SAVAŞ SONRASI GÖÇMENLERİN ROLÜ
Kenan Poleo, 1971 yılında Londra’nın güneyindeki Brixton mahallesinde dünyaya geldi. Bu bölge, 1950’li yıllarda Birleşik Krallık’a yeni göç edenlerin yaşadığı, Karayipliler, Asyalılar, Afrikalılar, Portekizliler ve Türklerin bir arada olduğu çok kültürlü bir ortam. Poleo’nun ailesi de 1950’lerde, o dönemde Birleşik Krallık yönetimindeki Kıbrıs’tan Londra’ya göç etti. Poleo, “İngiltere, İkinci Dünya Savaşı’ndan sonra yıkılan ülkesini yeniden inşa etmek için kolonilerindeki vatandaşları davet etti. Kıbrıs’ın köylerinde yaşayan ailem de bunu bir fırsat olarak gördü. Babam Karpaz’dan, annem ise Akıncılar Köyü’nden,” diye anlatıyor.

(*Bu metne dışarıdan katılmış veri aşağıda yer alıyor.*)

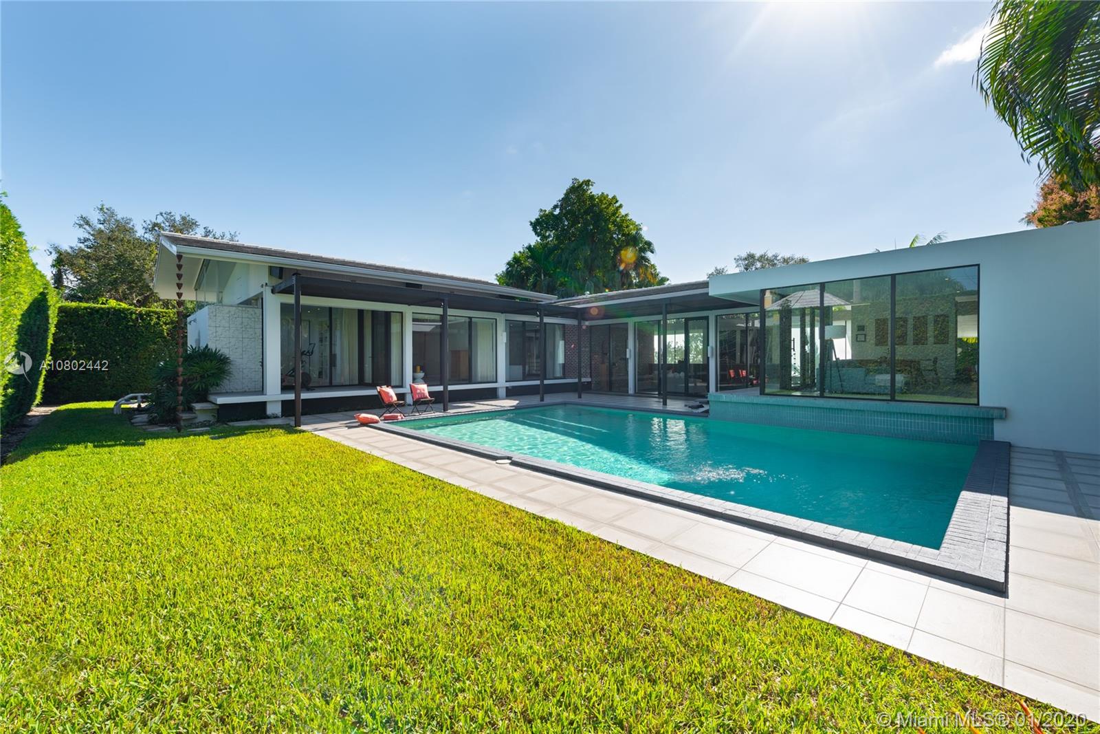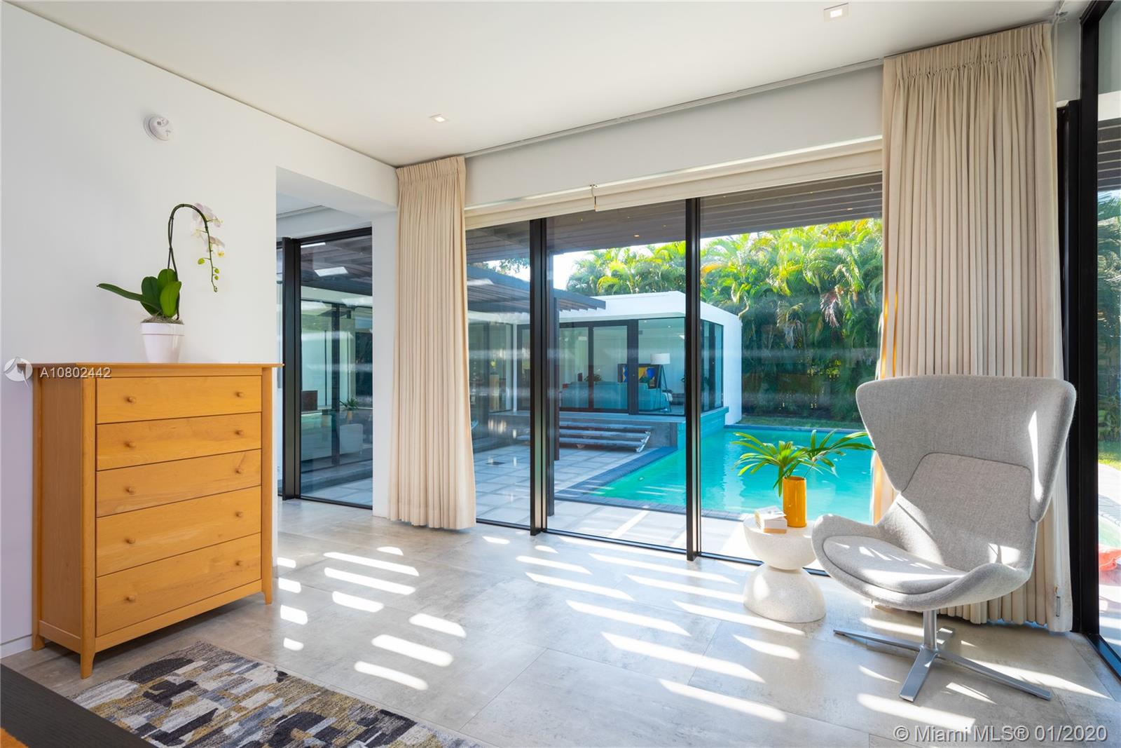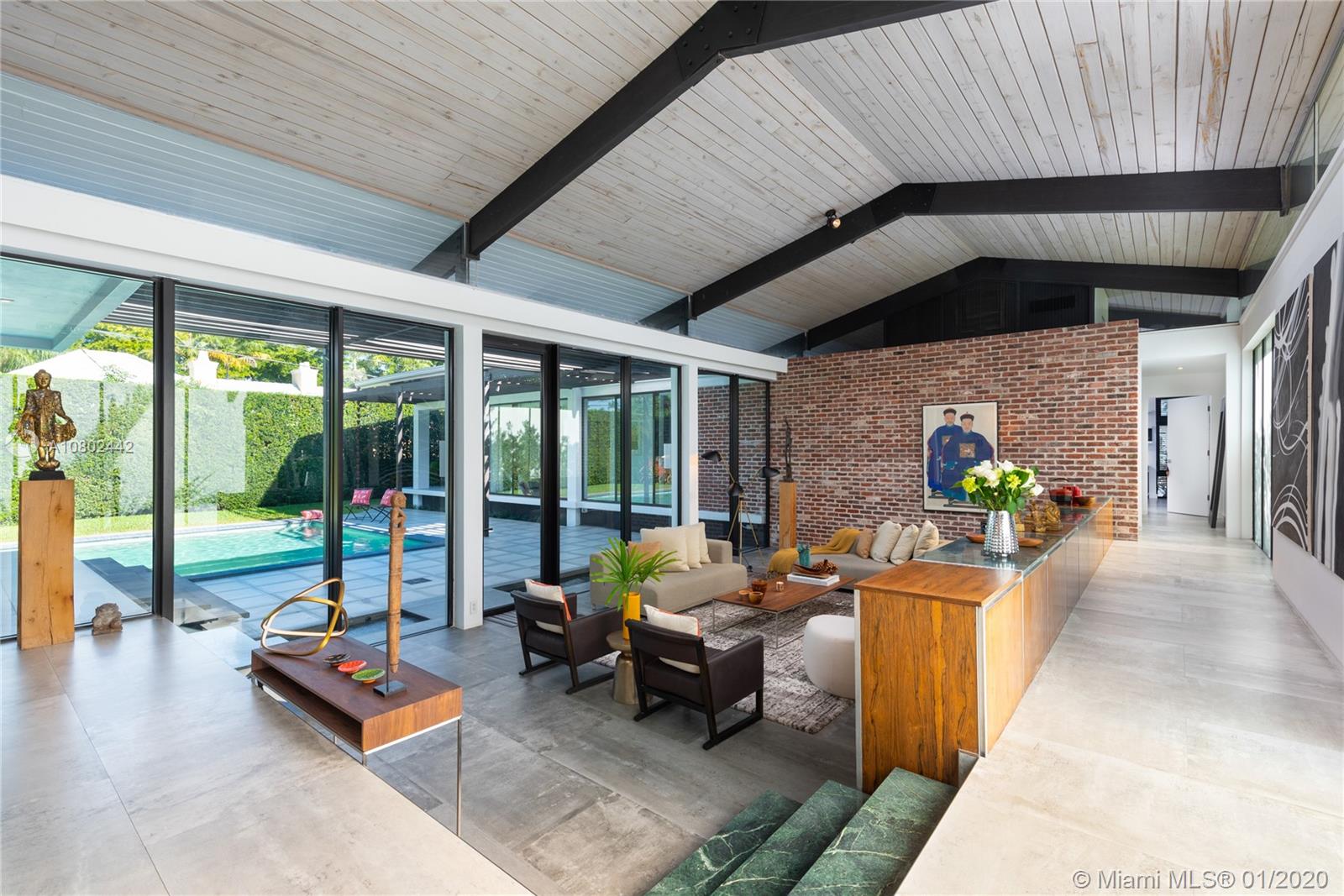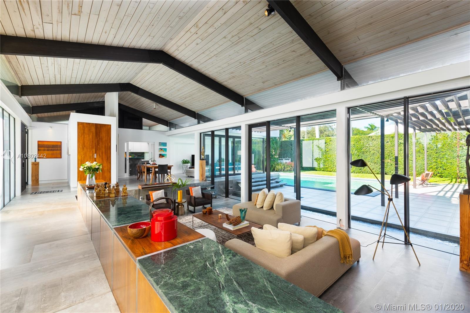 Timeless midcentury modern, 1 of a kind, Henry End designed architectural gem in Miami Shores exudes elegance of bye gone era & embraces excitement of modern living. Natural light flows throughout this 4 bd, 3 ba, 3,300+ sq ft home w/views of pool from every room.17’ ceilings add to voluminous feeling of home. Functional built-in 16' Brazilian Rosewood console divides sunken living room & gallery. Large pool adjacent to new koi pond surrounded by 15’ privacy foliage on oversized corner lot. Boasting gourmet gas chef’s kitchen w/second refrigerator in adjacent utility room. Located on quiet street in best section of Miami Shores 1 block from bay & bay walk. Future ready after comprehensive 22 mos renovation. Many more details available. A space not just for living, but for feeling alive.

“BENİM ADIM KENAN PARS’TAN GELİYOR”
Terzi olan annesi Emine Hanım ve babası Hasan Bey, East End bölgesindeki bir fabrikada çalışırken tanışıp evlendiler. Üç çocukları oldu; Filiz, Gonce ve Kenan. Aile, çocuklarına hem Kıbrıs Türkü hem de Birleşik Krallık kültürüne uyum sağlayacak isimler vermeye çalıştı. En küçük çocuk Kenan, babasının hayranı olduğu Türk oyuncu Kenan Pars’tan ismini aldı. Poleo, “Kenan Pars, Türk filmlerinde ciddi veya kötü adam karakterlerini oynardı. Babam, oğlunun da ciddi olmasını istemişti,” diyor. Çocukluğu, kuzenler, amcalar, teyzeler ve halalar içinde kalabalık bir ortamda geçti. Evde Türk müziği dinleniyor, özellikle İbrahim Tatlıses ve Zeki Müren tercih ediliyordu. Poleo, “Güney Londra’da Türk sineması vardı; Yeşilçam filmlerini orada izlerdik. Fatma Girik, Orhan Gencebay, Gülşen Bubikoğlu, Hülya Koçyiğit, Türkan Şoray gibi isimleri canlı olarak hatırlıyorum,” şeklinde anlatıyor.